A cancelled conversation remains valid. The next StreamMsg for the same pair resumes against the history as it existed at the point of cancellation.

Event bus

The event bus is a subscription table, not a router. publish(source, payload) iterates subscriptions, invokes the fire callback for each match inline, and removes any subscription marked once. The callback fires under the bus’s lock; implementations must not reacquire it.

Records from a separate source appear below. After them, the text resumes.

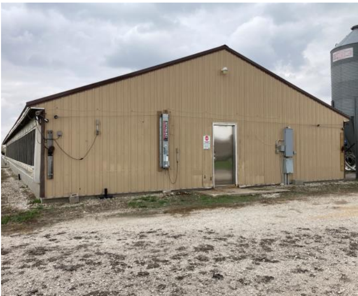
Exterior End View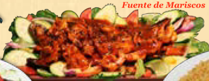
Fuente de Mariscos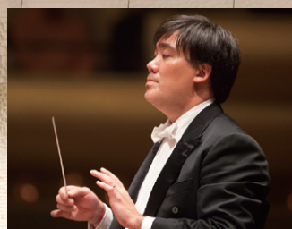
Alan Gilbert

“Spirit of Germany” performed by the genius, Alan Gilbert, and his renowned orchestra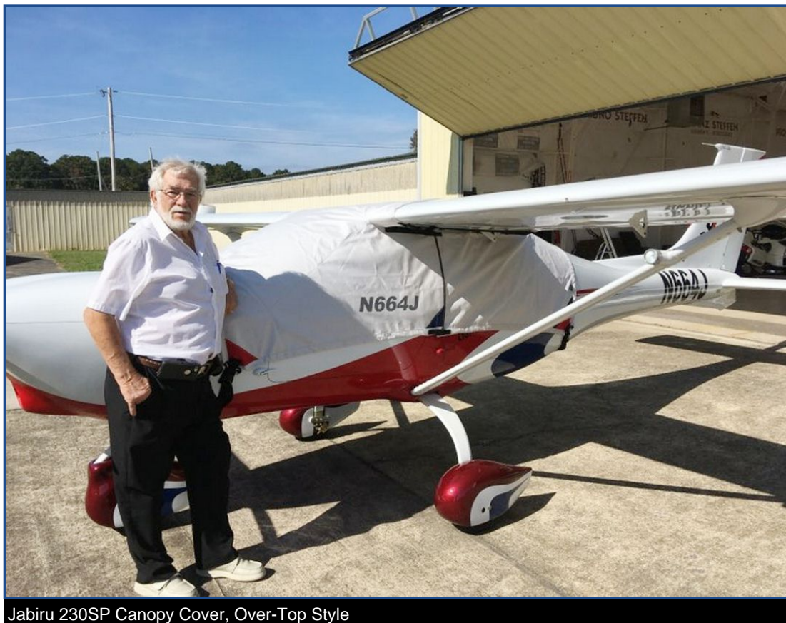
Jabiru 230SP Canopy Cover, Over-Top Style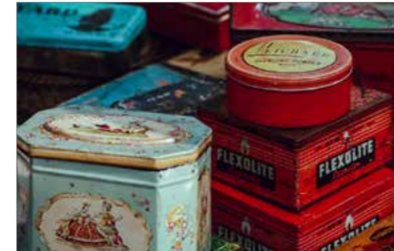
Design & Print 6-7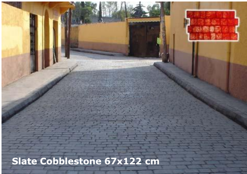
Slate Cobblestone 67x122 cm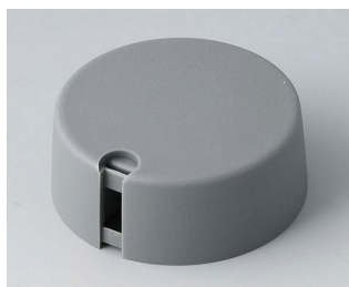
A1040068 TOP-KNOBS 40 PA 6 volcano 40x16mm 6mm

The bus has no queue and no scheduler. Fan-out is as fast as the callback runs for each matching subscription.

Multi-agent

Multi-agent conversations let a second agent speak into an existing conversation as a guest. A guest turn is a first-class message from the guest agent; it is not a tool call, a delegation, or a paraphrase.

Guest turns

A guest turn runs a named guest agent against the primary conversation’s history and appends the guest’s response to that history. The primary agent of the conversation is unchanged.

A guest turn is requested by setting StreamMsg.guest to the name of the guest agent. The conversation is still addressed by the primary’s (agent, sender) pair; guest selects who speaks on this turn, not whose conversation it is.

Flow

When StreamMsg { agent: A, sender: S, guest: G, content: C } is dispatched:

  1. The conversation (A, S) is resolved, creating it if necessary.
  2. The user content C is appended to the history.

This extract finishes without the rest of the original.